━━━ Exercise inputs
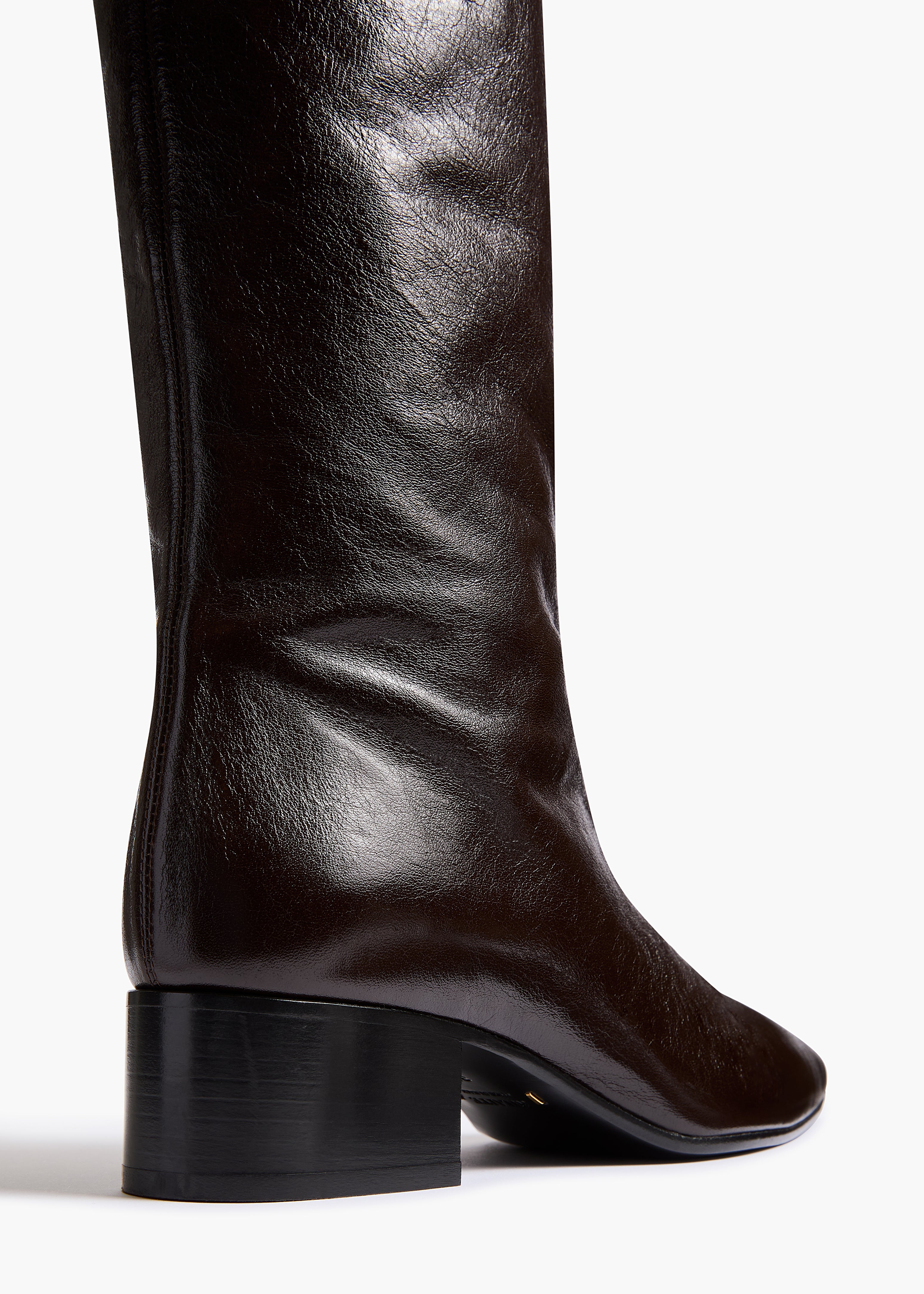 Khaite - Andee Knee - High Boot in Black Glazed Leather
━━━━━━
━━━ Exercise inputs
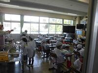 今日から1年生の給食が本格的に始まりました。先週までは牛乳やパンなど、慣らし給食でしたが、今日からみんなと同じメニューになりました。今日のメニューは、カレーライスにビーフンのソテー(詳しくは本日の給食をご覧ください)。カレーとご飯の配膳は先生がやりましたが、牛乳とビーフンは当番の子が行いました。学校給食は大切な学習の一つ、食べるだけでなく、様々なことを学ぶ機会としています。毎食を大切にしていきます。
━━━━━━
━━━ Exercise inputs
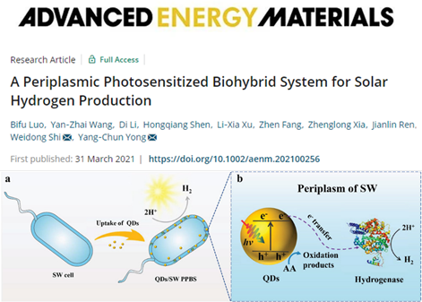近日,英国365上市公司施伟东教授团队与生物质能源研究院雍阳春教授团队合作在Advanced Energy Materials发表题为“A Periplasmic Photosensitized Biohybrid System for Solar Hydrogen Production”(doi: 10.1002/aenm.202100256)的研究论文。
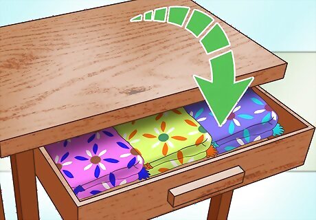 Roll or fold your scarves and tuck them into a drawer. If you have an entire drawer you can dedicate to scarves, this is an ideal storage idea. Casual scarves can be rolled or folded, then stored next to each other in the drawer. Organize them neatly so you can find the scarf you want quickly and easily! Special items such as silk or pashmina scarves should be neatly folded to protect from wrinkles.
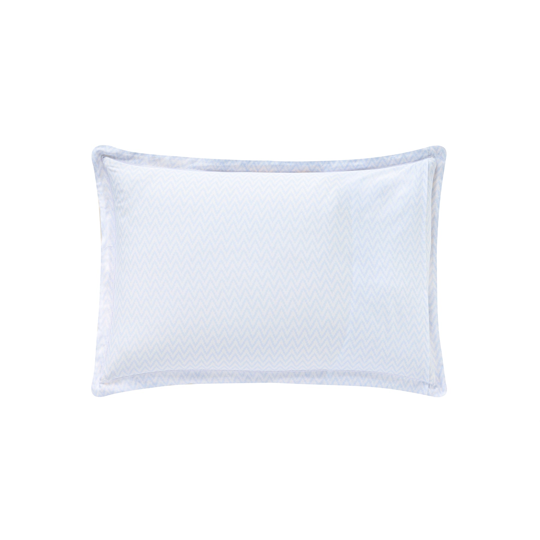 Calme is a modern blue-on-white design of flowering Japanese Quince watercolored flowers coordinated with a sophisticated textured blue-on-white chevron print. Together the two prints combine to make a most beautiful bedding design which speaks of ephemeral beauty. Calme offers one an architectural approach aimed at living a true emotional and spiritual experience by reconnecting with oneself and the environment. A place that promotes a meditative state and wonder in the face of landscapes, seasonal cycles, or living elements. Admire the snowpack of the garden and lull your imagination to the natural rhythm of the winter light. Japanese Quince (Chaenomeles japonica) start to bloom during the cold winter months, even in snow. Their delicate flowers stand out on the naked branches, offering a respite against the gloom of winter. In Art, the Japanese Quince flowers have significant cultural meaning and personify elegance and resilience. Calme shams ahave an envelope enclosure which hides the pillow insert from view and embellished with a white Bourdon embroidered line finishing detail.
━━━━━━
Only the lines above from the one with "Periplasmic Photosensitized Biohybrid" to the one with "Roll or fold" should be printed, both included and exactly as written; no picture belongs in the copy.

| Output for this task |
近日,英国365上市公司施伟东教授团队与生物质能源研究院雍阳春教授团队合作在Advanced Energy Materials发表题为“A Periplasmic Photosensitized Biohybrid System for Solar Hydrogen Production”(doi: 10.1002/aenm.202100256)的研究论文。
 Roll or fold your scarves and tuck them into a drawer. If you have an entire drawer you can dedicate to scarves, this is an ideal storage idea. Casual scarves can be rolled or folded, then stored next to each other in the drawer. Organize them neatly so you can find the scarf you want quickly and easily! Special items such as silk or pashmina scarves should be neatly folded to protect from wrinkles.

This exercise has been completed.